(Taehyung)
Ji A ve Choon Hee'yi gönderdikten sonra masamın üzerindeki resim çerçevesini elime aldım.
Ji A' nın saçlarının uçuştuğu ve gözleri kısılana kadar kocaman güldüğü fotoğrafa bakıp baş parmağımı elmacık kemikleri üzerinde gezdirdim.
Fotoğrafı sırf kıskançlığı yüzünden buraya kadar getirmiş olması gülüşümü sürekli derinleştiriyordu.
Oturduğum yerden kalkıp, Amir So ile görüşmek için bir üst kata doğru yöneldim, bu sırada Se Mi'nin dosyalara gömüldüğünü de fark etmiştim.

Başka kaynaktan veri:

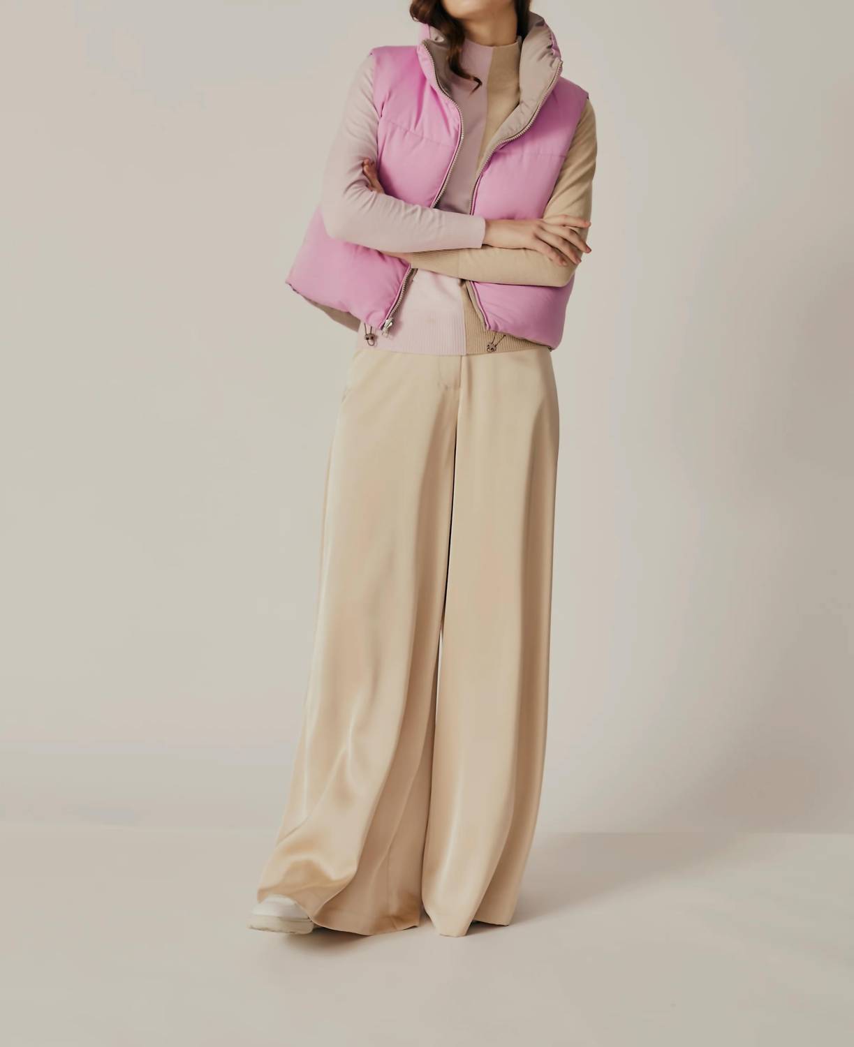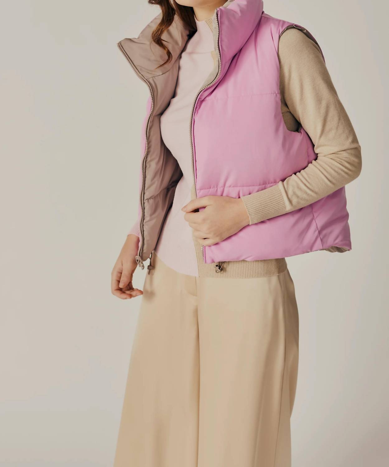 Aquela peça extra que você não sabia que precisava! Apresentamos o Colete Puffer Reversível Kansas da DELUC, uma peça essencial para o seu guarda-roupa de inverno em uma cor sólida rosa/vison marcante. Este colete feminino sem mangas oferece gola alta, caimento solto e bolsos frontais embutidos. Confeccionado em tecido sintético, possui um prático fecho frontal com zíper e bainha ajustável com cordão elástico e travas para um ajuste personalizado. Perfeito para as festas de fim de ano, este colete versátil mantém você aquecido com estilo.

Asansör kullanmak pek tercihim olmadığından merdivenleri birer ikişer çıkıp, Amir So'nun kapısını tıklattım.
"Gel, Taehyung!"
Kapıdan içeri yavaşça süzülüp, bakışlarımı amirimin solgun yüzünde gezdirdim.
"Sizi göreyim dedim, bir sorun mu var? ÇOK yorgun görünüyorsunuz."
Amir So karşısındaki koltuğu işaret ettiğinde hiç beklemeden oraya oturdum ve derdini anlatmasını bekledim.
"Dün akşam eski karımı gördüm."
"Amirim yine mi kapısına dayand..."
Cümlemi bitirmeme izin vermeyen Amir So başını olumsuzca salladı.
"Bu sefer tesadüfen karşılaştık. İlk buluştuğumuz yerde."
Dudaklarımı ıslatıp derin bir nefes aldım. Amir So'nun eski karısını hâlâ deliler gibi sevdiğini biliyordum ve ayrılma sebepleri içler acısı olduğundan hiçbir yardımda bulunamıyordum. Hoş bulunsam bile bir ise yaramayacağından emindim.
"Her gördüğümde kahroluyorum."
Derin bir iç geçirerek bakışlarımı amirimin solgun yüzüne çıkardım.
"Amirim, artık kendi yolunuza bakmalısınız. Kendinizi üzmekten başka elinize hiçbir şey geçmeyecek."
Amir So başını olumlu bir şekilde salladı.
"Biliyorum evlat, biliyorum ama içimdeki acı dinmek bilmiyor."
Amir So oldukça zor şeyler yaşamıştı. Bazen tüm bunlara rağmen ayakta kalabildiği için bile onunla gurur duyuyordum.
......
Aradan geçen birkaç saatlik süre boyunca teorimi güçlendirecek detaylara takılmıştım fakat daha iyisini yapabilmem için yeni bilgilere ihtiyaç duyduğumu biliyordum.
Amir So ile görüştükten sonra ekibimin görevlerini yerine getirmesinin ardından dava ile ilgili daha net verilerle çalışmayı uygun gördüğümden birimden erken ayrıldım.
Eve erken gidip Ji A'yı dışarı çıkarmak istiyordum.
Ji A'ya hazır olmasını bildiren kısa bir mesaj attıktan sonra arabama geçip, yola koyuldum.
Bu sıralar davalar dışında düşünmem gereken birçok şey olduğundan kendimi daha fazla yorgun hissediyordum.
Ji A aklımı en çok kurcalayan şey olsa da yanında her şeyi unutmamı sağlayan tek kişiydi.
Ailesi ve kendisi hakkında her şeyi bilmek istesem de bana anlatacağı günü sabırla bekliyordum.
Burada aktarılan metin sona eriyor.